Roberts was a short man, dark-haired, bespectacled - and attractive to women. He loved to socialise, especially in a pub where he could sit and talk, enthusing about art over a pint, a cigarette in his hand. This natural warmth made Roberts an immensely gifted teacher. At a time when teaching in art schools was formal and restricted, he took a genuine interest in his students and was keen to inspire them to develop their abilities.

In the 1960s he himself started to do abstract work which involved a number of intaglio processes because he wanted to demonstrate that etching can be so much more than line. It was a period when students from Hornsey College of Art were touring Britain's art schools, encouraging demonstrations and sit-ins to protest against their teachers, but since at Liverpool Roberts already supported the use of art as self-expression it was difficult to rebel against him. Many of his students stayed in touch long after they had graduated.

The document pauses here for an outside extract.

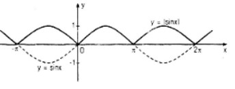 – Đồ thị \(y = |\sin x|\) là đường liền nét trong hình dưới đây :
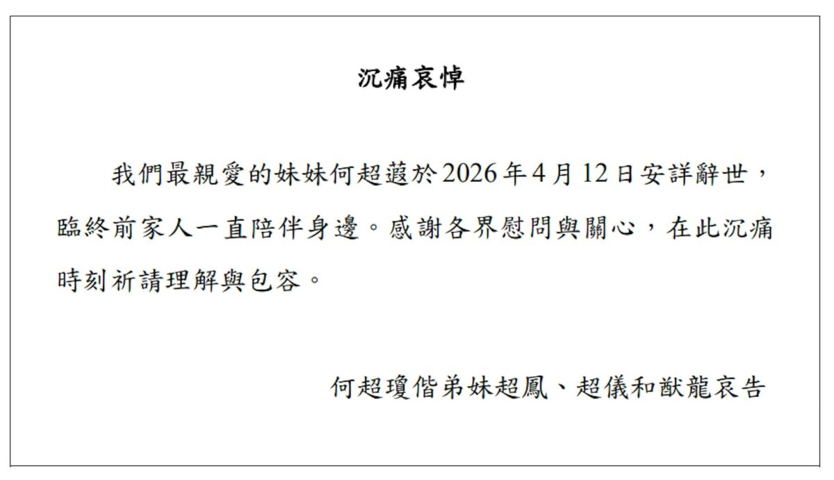 由何超蕸出任執行董事的信德集團,沉痛哀悼何超蕸逝世,並附上家人通告指:「我們最親愛的妹妹何超蕸於2026年4月12日安詳辭世,臨終前家人一直陪伴身邊。感謝各界慰問與關心,並指在此沉痛時刻祈請理解與包容。」

On his retirement he moved to the village city of St David's in Pembrokeshire, where he had spent his childhood holidays; his wife died only 18 months afterwards.

Roberts worked extensively as a book illustrator, his output including a number of children's books for Penguin. He was a member of the Royal Watercolour Society, the Royal Society of Painter-Printmakers, the Royal Cambrian Academy and the Liverpool Academy of Arts, where for many years he was Treasurer.

He exhibited widely and held a number of one-man exhibitions. His work can be found in the permanent collections of the National Museum of Wales (for whom in 1978 he was commissioned to do a series of 50 etched portraits of famous Welsh people), the Welsh Arts Council, Newport Art Gallery, Liverpool University, the National Library of Wales at Aberystwyth, and the University of Wales at Aberystwyth, which earlier this year received a V&A/Resource grant to purchase 20 of his works.

A retrospective touring exhibition of John Roberts's work, including five decades of etchings, lithographs, drawings and watercolours, closed on Friday at the National Library of Wales at Aberystwyth.